Twenty percent of Canadians will experience a mental illness at some time during their lives, according to the Canadian Mental Health Association. Doherty Hannaford tells me that severe mental illness has touched the lives of several of her loved ones. She also volunteers at the Douglas Institute, working with people with schizophrenia, taking them out for coffee, a walk on the mountain, or a shopping trip to Winners, introducing “a dose of normalcy.” The novel dramatizes the rondo of shame, blame, and pain that people with mental illness and their families face every day. While there is no shame in having cancer, mental illness carries great stigma. Christine’s illness is kept hush-hush, the family certain that they will become social outcasts if their struggle comes to light, secrecy only adding to anguish.

One of the joys of reading this novel is an immersion in music. No surprise that Doherty Hannaford studied piano and is passionate about classical music. For the sonorous details, such as the rigors involved in becoming a top tier performer, she interviewed concert pianists and instructors, as well as students and faculty at the Glenn Gould School in Toronto.

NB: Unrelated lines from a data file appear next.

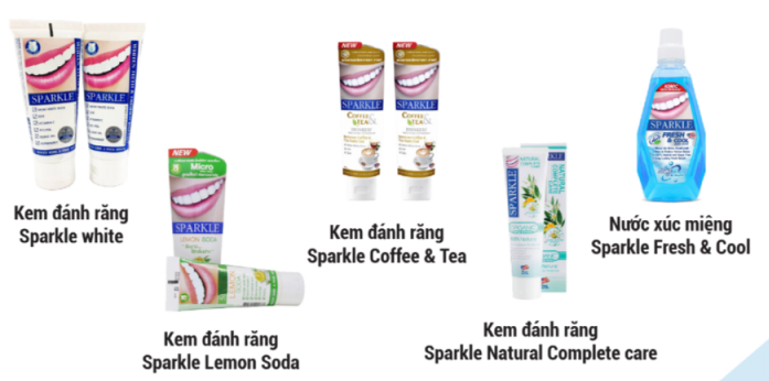 Hiện nay, Vietland đã và đang phân phối 5 sản phẩm kem đánh răng và nước xúc miệng nhãn hiệu Sparkle:
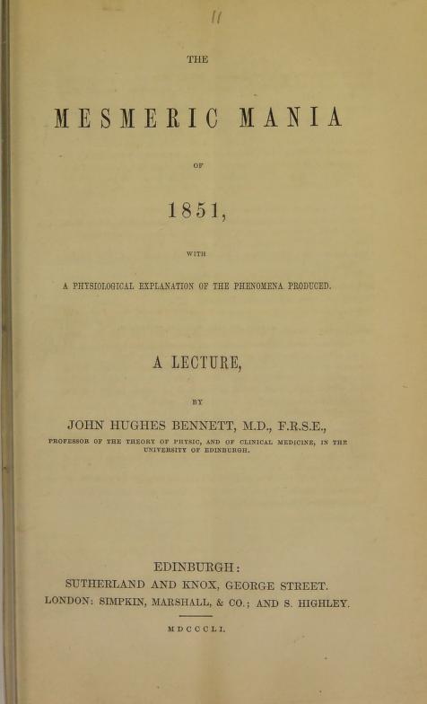 DURING the present year (1851), society in Edinburgh has been greatly agitated by a delusion that a mysterious force is being directed by particular individuals.
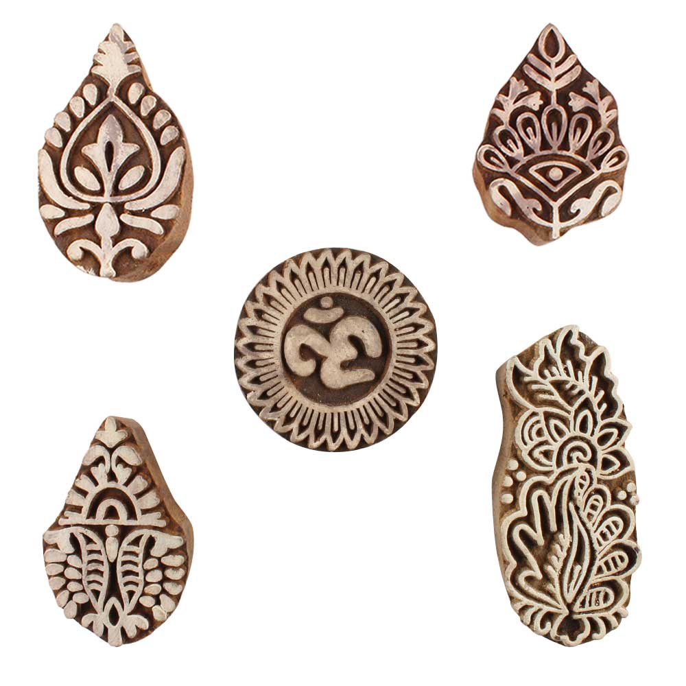 Set of 5 Piece New Mix Wooden Printing Blocks. Ideal for use on Fabric, Paper, Canvas, etc. These Blocks can be use to Print with Oil Colors, Fabric Colors, Water Colors, Acrylic Colors and Vegetable Colors.
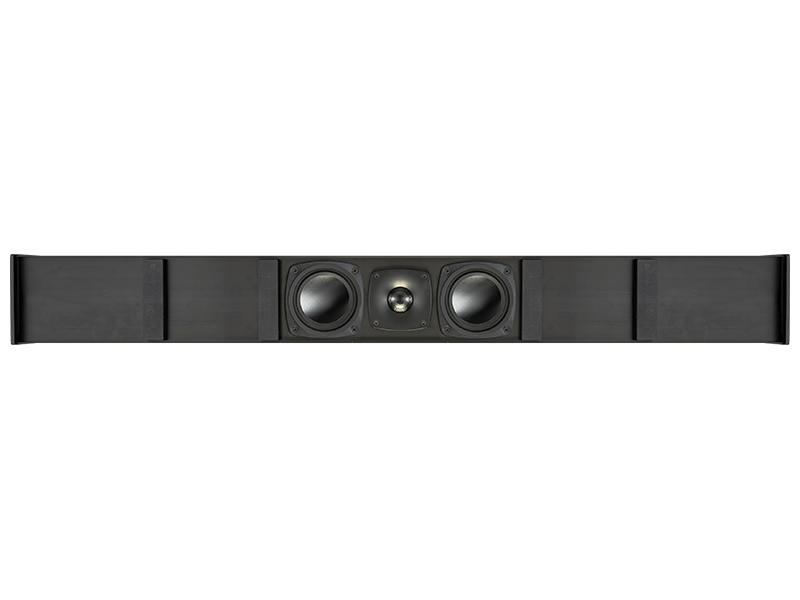 Soundbar - Canale centrale personalizzabile in larghezza per TV da 43" a 67". 1 Tweeter da 25mm a cupola X-PAL(TM) da 25mm con lente acustica ad allineamento di fase PPA(TM) e 2 woofer/midrange da 114mm con cono in alluminio anodizzato. Sensibilità 94dB. Risposta in frequenza in asse 130Hz - 21KHz. Potenza amplificatore 15-130W. 8ohms. Chassis in alluminio estruso con griglia frontale in tela su supporto MDF e aggancio magnetico. Dimensioni (LxAxP): customx135x60mm. Supporto per fissaggio a muro in dotazione, vari accessori di montaggio opzionali.
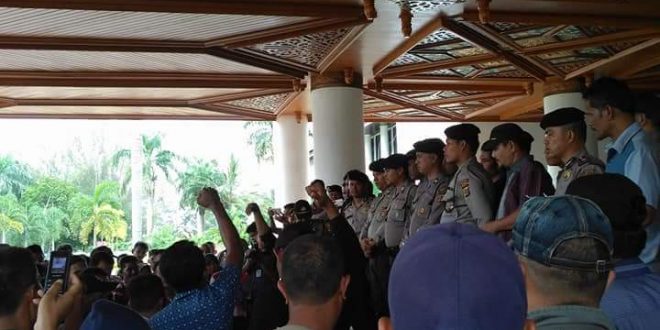 “Bapak gubernur sedang tidak di tempat. Apa yang menjadi tuntutan bapak-bapak semua akan saya sampaikan dan menjadi catatan prioritas kami,” kata Abdul Karim.
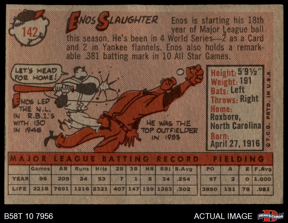 1958 Topps #142 Enos Slaughter 2 - GOOD
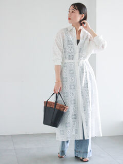付属の共布ベルトでシルエットの調整ができ、結び方次第で印象チェンジも可能。前を開けて羽織としても着用でき、着こなしの幅が広がる一着です。
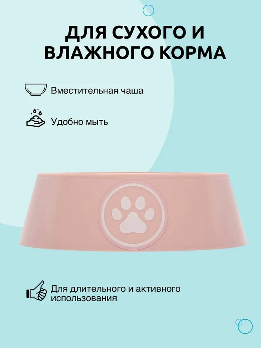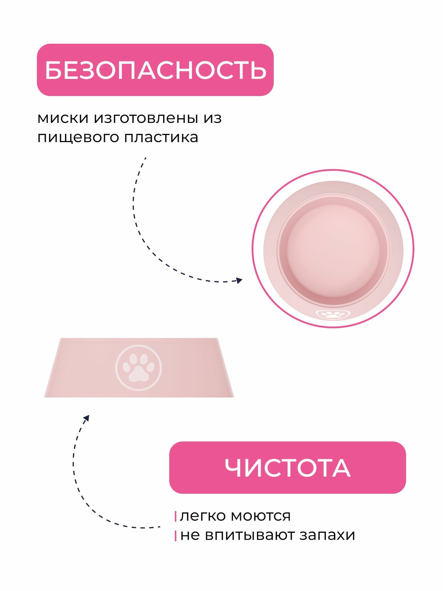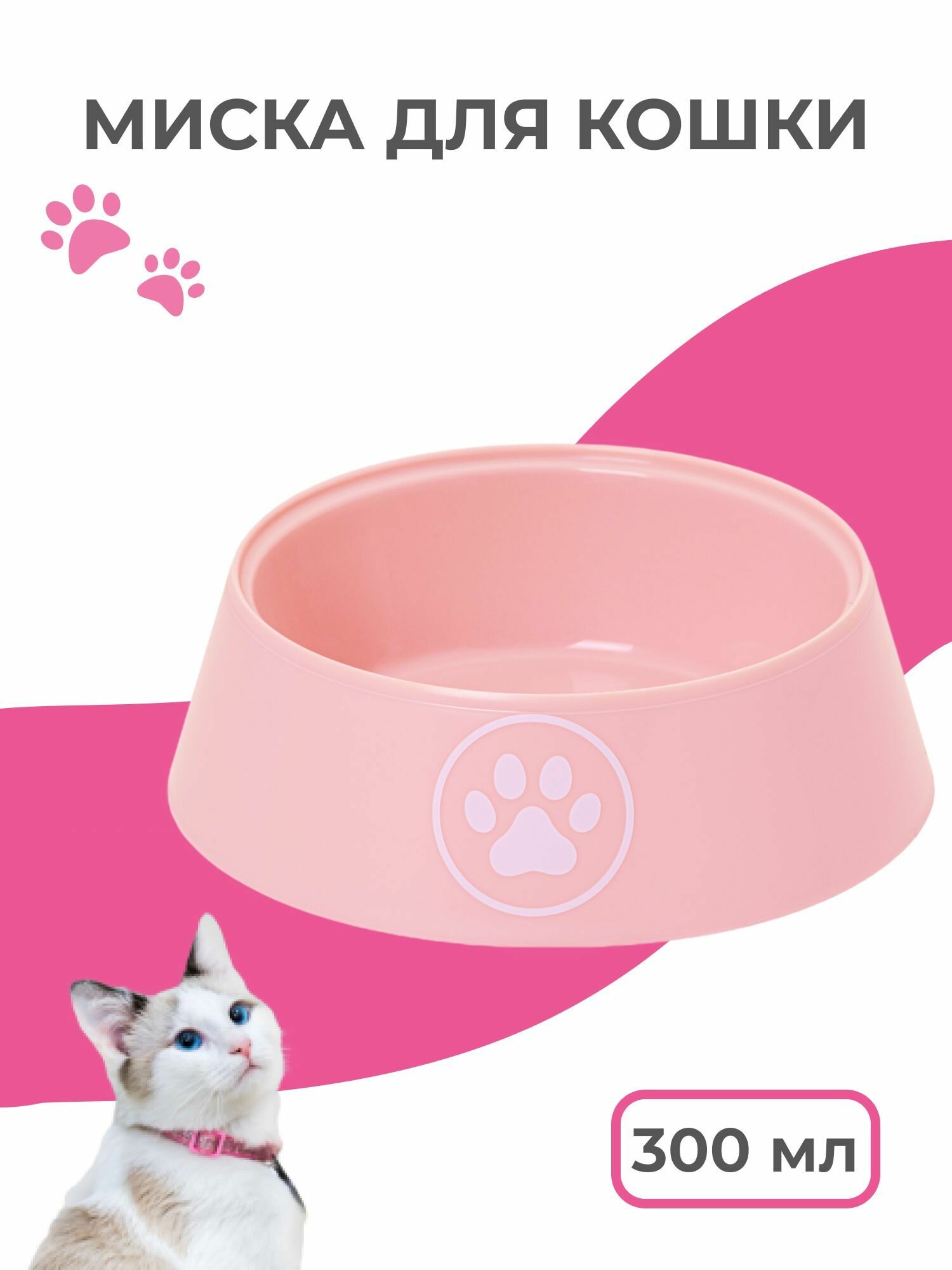 Миска пластиковая для животных, собак мелких пород и кошек, тарелка кошачья для воды, еды и корма Альтернатива Лекси 300 мл, розовый
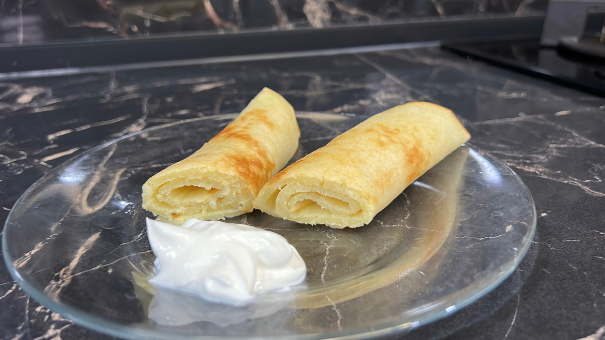 Блины с творогом: Для этого варианта потребуются 4 яйца, 3 стакана молока, 2,5 стакана муки, 2 ст. ложки сахара, 1 ч. ложка соли, 2 ч. ложки разрыхлителя и 200 г творога. Взбейте яйца с сахаром и солью до состояния пены. Постепенно добавляйте молоко и муку, тщательно перемешивая. Затем введите разрыхлитель и творог, и снова хорошо перемешайте. Жарьте как в предыдущем рецепте, подавайте с медом чи сладким соусом.
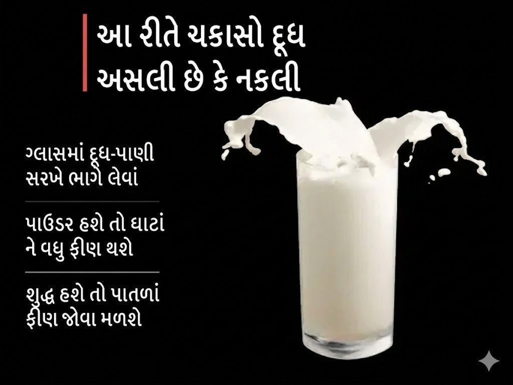 • ડિટર્જન્ટની તપાસ: દૂધ અને પાણી સમાન માત્રામાં લઈ બોટલમાં હલાવો. જો જાડા ફીણ વળે, તો દૂધમાં ડિટર્જન્ટ હોઈ શકે છે.
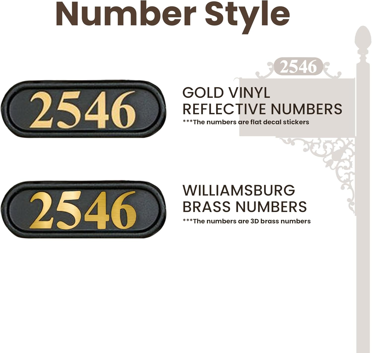 - Your purchase includes up to five 2-Inch Solid Brass or Gold Reflective Numbers.
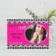 This 5x7 Sized adorable Elegant and Chic Hot Pink Black Damask Photo Senior Announcement is both trendy and chic. It's printed on smooth, vibrant, matte 110lb cover weight paper. Contains 50% recycled content. Perfect for your most formal invitations and event announcements. These come with standard white envelopes.
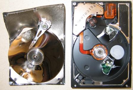 The more impressive shots that I have personally seen involved a .25-06 (high powered hunting rifle) and a 12 Gauge slug and two of my brother-in-laws. With the .25-06, we turned the hard drive sideways and shot into the thin side of the drive and popped the spindle. The result was quite impressive. It just plain exploded. Then my brother-in-law pulled out his 12 Gauge and shot through the platters of another hard drive. The hole through the drive was just massive. You could stick the 12 Gauge shell through the hole. Unfortunately I don’t have pictures of either of these. They were both thrown away by mistake before I could get a picture. The picture is one that my friend Philip took of a HD that he shot with the .45. On the right half just below the serial number, you can see the .45 slug that was inside the case when he picked it up after shooting it.
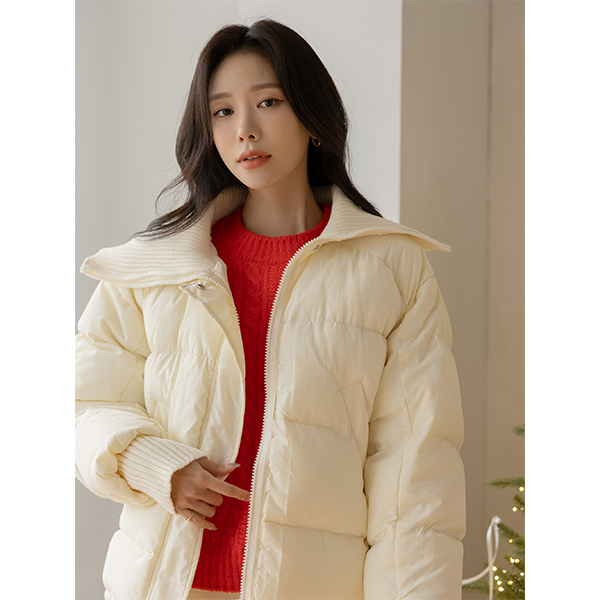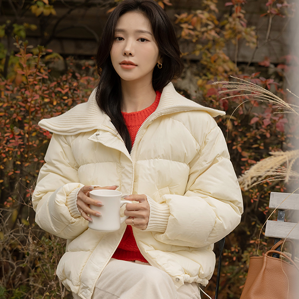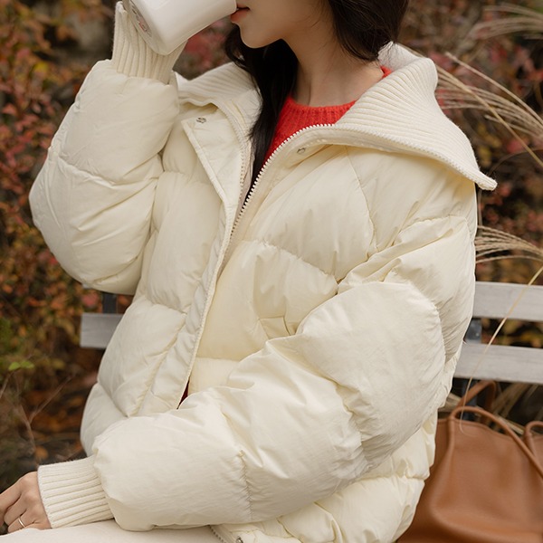 针织衫 翻领 抽绳 羽绒棉 短羽绒服
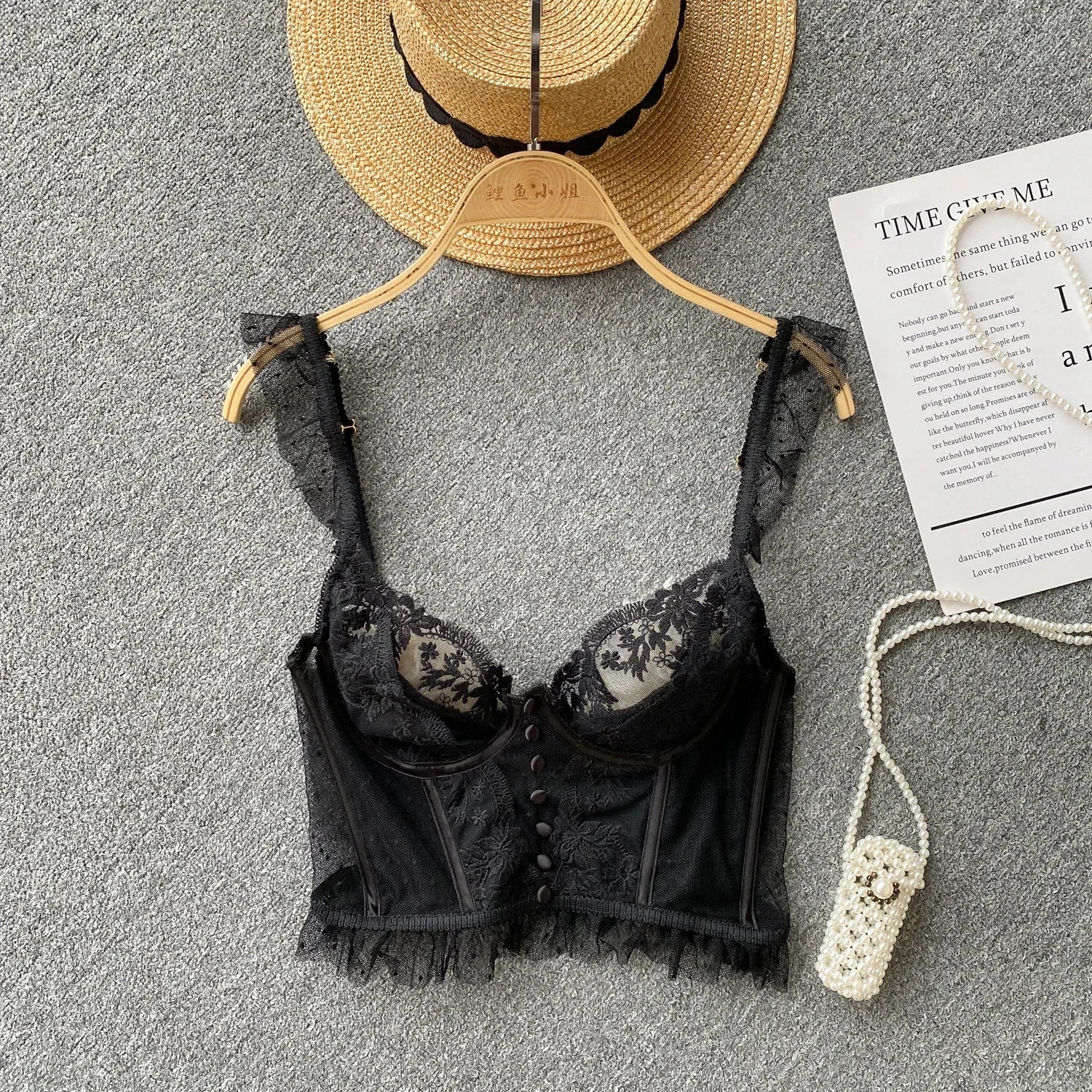 Getadme-French Chic Sexy Woman Sleeveless Skinny Backless Female Corset Camis Lace Sheer Spaghetti Strap Hotsweet Tank Tops Dropshipping

Doherty Hannaford wrote much of the novel at the Westmount Library, poring over streetcar maps and Lovell’s Directory of 1937 to get specific addresses key to the story just right. “I loved that part of the process,” she says. “Suddenly, it’s dark outside and I’m still reading about milkshake flavours and what this treat cost back then.”

“My biggest challenge was structure,” Doherty Hannaford confides. “My story got too big.” She put major scenes on recipe cards, so that she could reimagine them and their sequence. Later, her editor, Marc Côté, helped her to cut over a hundred pages, a tough process that no doubt strengthened the book.

Though most of the writing in A Secret Music is supple and fine, Miss Tarasova, Lawrence’s dedicated piano teacher and a Russian émigré, is intermittently diminished into caricature through speech conveyed in an exaggerated, but inconsistent dialect: “They vil make us a recording for our submission…. Don’t ask me any kvestions.” Yet elsewhere Miss Tarasova speaks eloquently about romantic music: “You must dream the piece when you play it…. If you don’t dream, the music is nothing but a rubble of notes.” Eschewing dialect and highlighting Miss Tarasova’s unique voice through phrasing and word choice would have worked better. That said, this is a small quibble for a book that works beautifully on so many levels.

A pleasure of A Secret Music is how fond we grow of nearly all of the characters, even the largely absent father who has made his way from humble, hardscrabble beginnings in Griffintown, processing inedible carcasses, to being the sole proprietor of an abattoir. Full disclosure: I cried at least once while reading this book and did not want to part with the Nolan family when I turned the last page. A Secret Music sings. mRb

Ami Sands Brodoff has new fiction in Montreal Serai and new creative nonfiction in The Queen Zone. She’s recently completed her sixth book, the novel Treasures That Prevail.